● Try it
In the entries below, find the line containing "最近在朋友圈刷到一张照片——" and the line containing "Что такое встраиваемая". Copy those two lines and everything between them exactly, without the pictures.

● Data to process
********

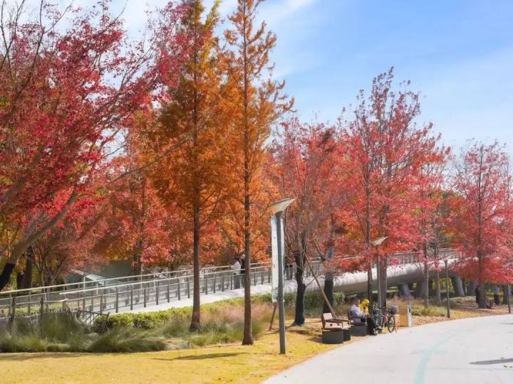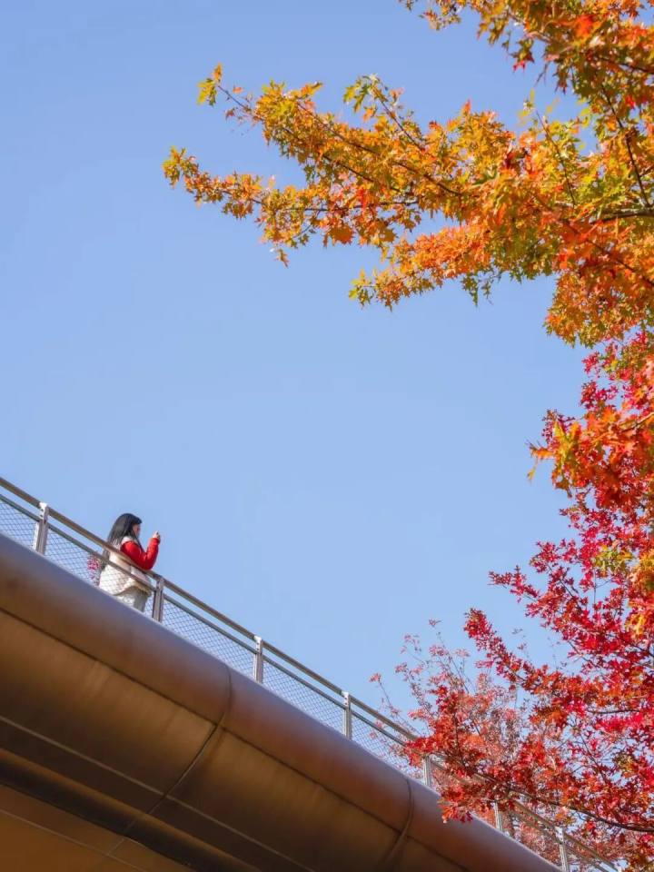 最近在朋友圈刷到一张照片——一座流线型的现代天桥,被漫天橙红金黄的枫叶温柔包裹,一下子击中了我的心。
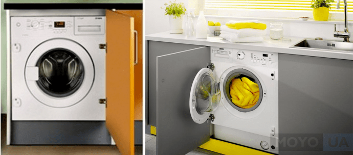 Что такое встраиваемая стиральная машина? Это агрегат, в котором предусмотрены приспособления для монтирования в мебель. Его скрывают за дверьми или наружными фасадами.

********

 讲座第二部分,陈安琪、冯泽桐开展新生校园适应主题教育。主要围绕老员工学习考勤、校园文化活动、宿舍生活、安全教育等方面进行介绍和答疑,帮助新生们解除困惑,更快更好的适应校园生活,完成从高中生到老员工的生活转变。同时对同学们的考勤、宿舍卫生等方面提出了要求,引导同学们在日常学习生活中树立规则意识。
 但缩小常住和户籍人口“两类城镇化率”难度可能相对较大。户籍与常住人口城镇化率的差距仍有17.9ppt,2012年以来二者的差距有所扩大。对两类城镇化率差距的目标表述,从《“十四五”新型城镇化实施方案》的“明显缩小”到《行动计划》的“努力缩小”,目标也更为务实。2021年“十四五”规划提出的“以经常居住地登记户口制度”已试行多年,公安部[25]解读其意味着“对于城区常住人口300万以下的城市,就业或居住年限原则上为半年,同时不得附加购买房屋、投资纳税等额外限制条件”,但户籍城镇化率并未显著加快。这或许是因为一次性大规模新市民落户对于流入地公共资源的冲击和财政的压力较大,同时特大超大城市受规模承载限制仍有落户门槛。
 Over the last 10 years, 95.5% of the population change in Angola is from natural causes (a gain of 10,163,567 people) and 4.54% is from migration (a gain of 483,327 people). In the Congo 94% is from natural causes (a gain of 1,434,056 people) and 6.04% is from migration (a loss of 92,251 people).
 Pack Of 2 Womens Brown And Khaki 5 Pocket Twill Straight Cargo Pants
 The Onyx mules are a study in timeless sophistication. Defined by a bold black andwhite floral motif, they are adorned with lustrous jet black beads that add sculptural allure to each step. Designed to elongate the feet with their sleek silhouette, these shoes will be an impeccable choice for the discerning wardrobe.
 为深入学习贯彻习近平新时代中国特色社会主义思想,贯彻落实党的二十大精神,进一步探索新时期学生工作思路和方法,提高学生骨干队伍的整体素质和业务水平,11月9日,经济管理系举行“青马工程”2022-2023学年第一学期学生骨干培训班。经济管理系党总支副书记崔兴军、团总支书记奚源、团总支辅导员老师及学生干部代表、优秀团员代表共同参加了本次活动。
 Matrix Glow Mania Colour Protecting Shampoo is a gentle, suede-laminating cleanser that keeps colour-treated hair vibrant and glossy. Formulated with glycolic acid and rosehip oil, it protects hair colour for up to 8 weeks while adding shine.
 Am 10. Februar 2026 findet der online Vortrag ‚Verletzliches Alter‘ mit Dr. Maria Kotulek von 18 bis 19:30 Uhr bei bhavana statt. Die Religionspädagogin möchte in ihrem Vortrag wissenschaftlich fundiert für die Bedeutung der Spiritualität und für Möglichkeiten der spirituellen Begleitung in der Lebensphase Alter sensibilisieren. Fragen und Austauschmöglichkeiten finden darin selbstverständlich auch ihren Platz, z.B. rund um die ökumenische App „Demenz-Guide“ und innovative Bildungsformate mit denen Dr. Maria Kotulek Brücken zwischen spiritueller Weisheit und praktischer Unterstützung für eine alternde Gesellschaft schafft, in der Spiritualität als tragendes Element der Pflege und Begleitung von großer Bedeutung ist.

********

● Finished task
 最近在朋友圈刷到一张照片——一座流线型的现代天桥,被漫天橙红金黄的枫叶温柔包裹,一下子击中了我的心。
 Что такое встраиваемая стиральная машина? Это агрегат, в котором предусмотрены приспособления для монтирования в мебель. Его скрывают за дверьми или наружными фасадами.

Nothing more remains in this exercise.